The inverse document frequency (idf) for a particular word, or feature, is computed as (the log of) a ratio of the number of documents in a corpus to the number of documents which contain that feature (up to some constant factors).
from sklearn.feature_extraction.text import TfidfTransformer
tfidf_transformer = TfidfTransformer()
df_tfidf = tfidf_transformer.fit_transform(counts)
print(df_tfidf.toarray())
Each row of the object above is the desired tf-idf vector for the relevant document.
A major disadvantage of using a vectorizer is that it will be dependent upon the dictionary of words it sees when it is 'fit' to the data. As such, if we are presented with a new passage of text and wish to compute a feature vector for for that text we are required to know which word maps to which space of the vector. Keeping track of a dictionary is impractical and will lead to inefficiency.
Furthermore, there are only "spaces" in the vectorizer for words that have been seen in the fitting stage. If a new text sample contains a word which was not present when the vectorizer was first fit, there will be no place in the feature vectors to count that word.
With that in mind, we consider using a hashing vectorizer.

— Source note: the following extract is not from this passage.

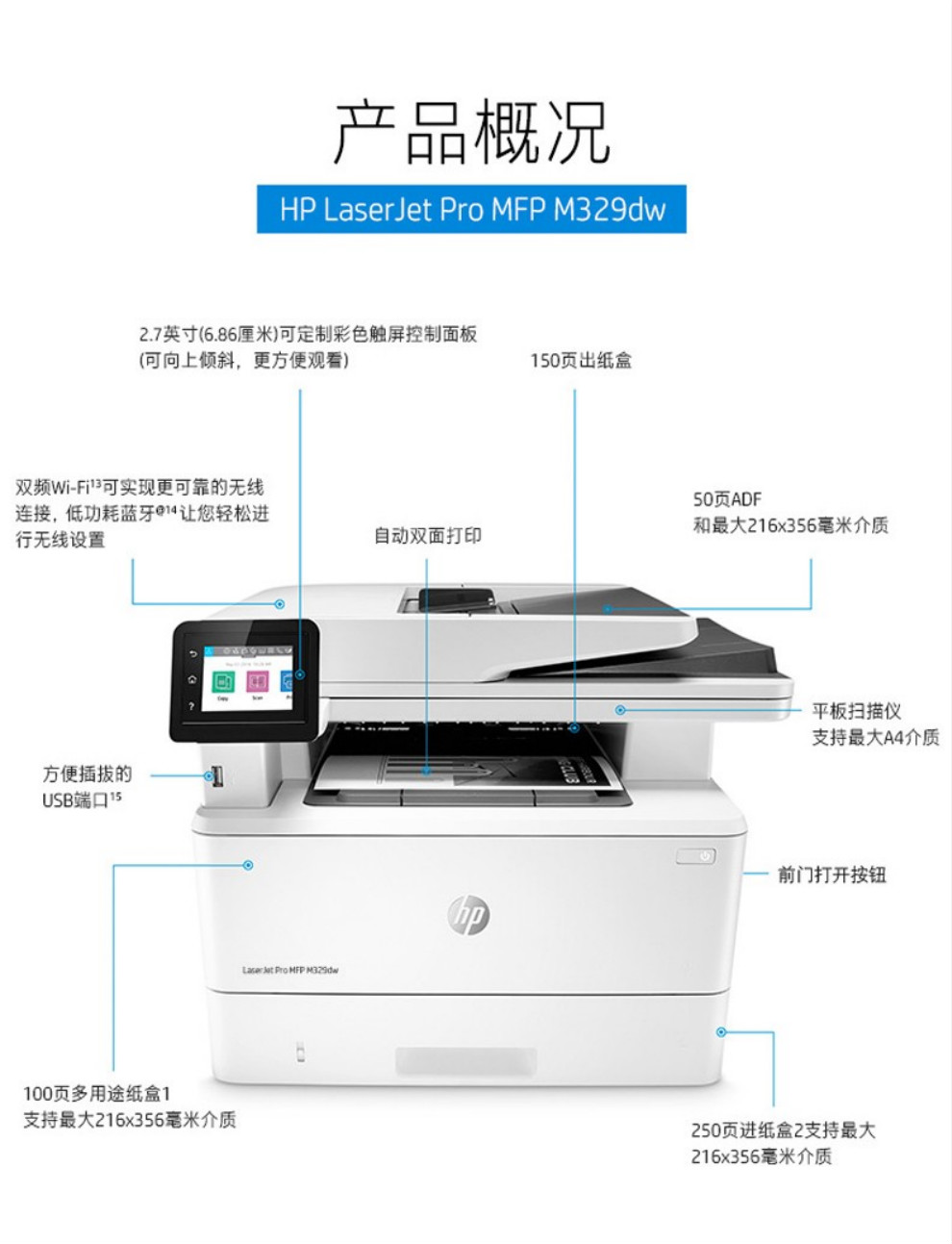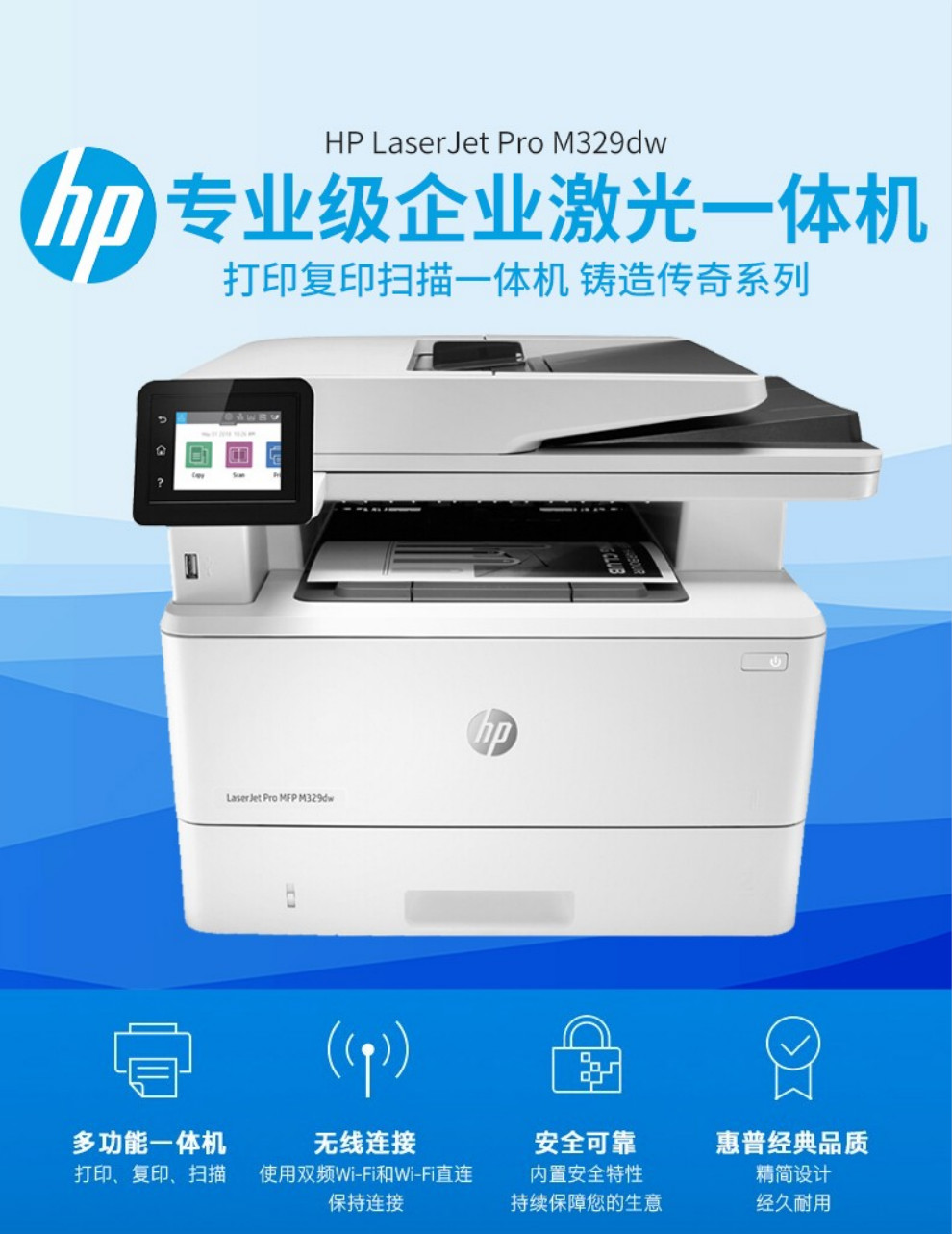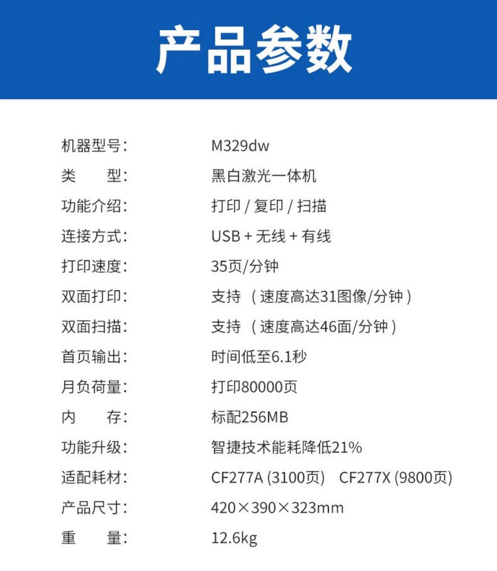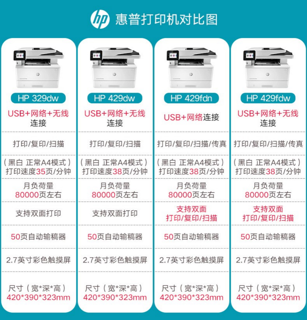 惠普(HP)黑白激光一體機M429dw/fdw 329dw打印機多功能自動雙面復(fù)印掃描無線 M429fdw【四合一+自動雙面打印+無線連接】 官方標配

Words can be hashed to buckets, and the bucket count incremented. This will give us a counts matrix, like we saw above, which we can then compute the tf-idf matrix for, without the need to keep track of which column in the matrix any given word maps to.
One disadvantage of this approach is that collisions will occur - with a finite set of buckets multiple words will hash to the same bucket. As such we are no longer computing an exact tf-idf matrix.
Furthermore we will not be able to recover the word (or words) associated with a bucket at a later time if we need them. (For our application this won't be needed.)
✅ We fix the number of buckets at 256 by default, but you can try using a different number for DEFAULT_BUCKETS
and see how the spam detection models are affected. (Try powers of 2 or prime numbers -- you may run out of memory above 1024 or so if you're running in a constrained container.) When you're operationalizing your model, you'll be able to set this in the environment with TFIDF_BUCKETS
.
✅ Perhaps you experimented with correcting for bias in the visualization notebook. You can try that here as well by changing ALTERNATE_SIGNS
to 1
. When you're operationalizing your model, you'll be able to set this in the environment with TFIDF_ALTERNATE_SIGNS
.
from sklearn.feature_extraction.text import HashingVectorizer
from mlworkflows import util
DEFAULT_BUCKETS=256
# set to 1 to correct for bias or 0 otherwise
ALTERNATE_SIGNS=0
alternate = util.get_param("TFIDF_ALTERNATE_SIGNS", ALTERNATE_SIGNS, int) > 0
buckets = util.get_param("TFIDF_BUCKETS", DEFAULT_BUCKETS, int)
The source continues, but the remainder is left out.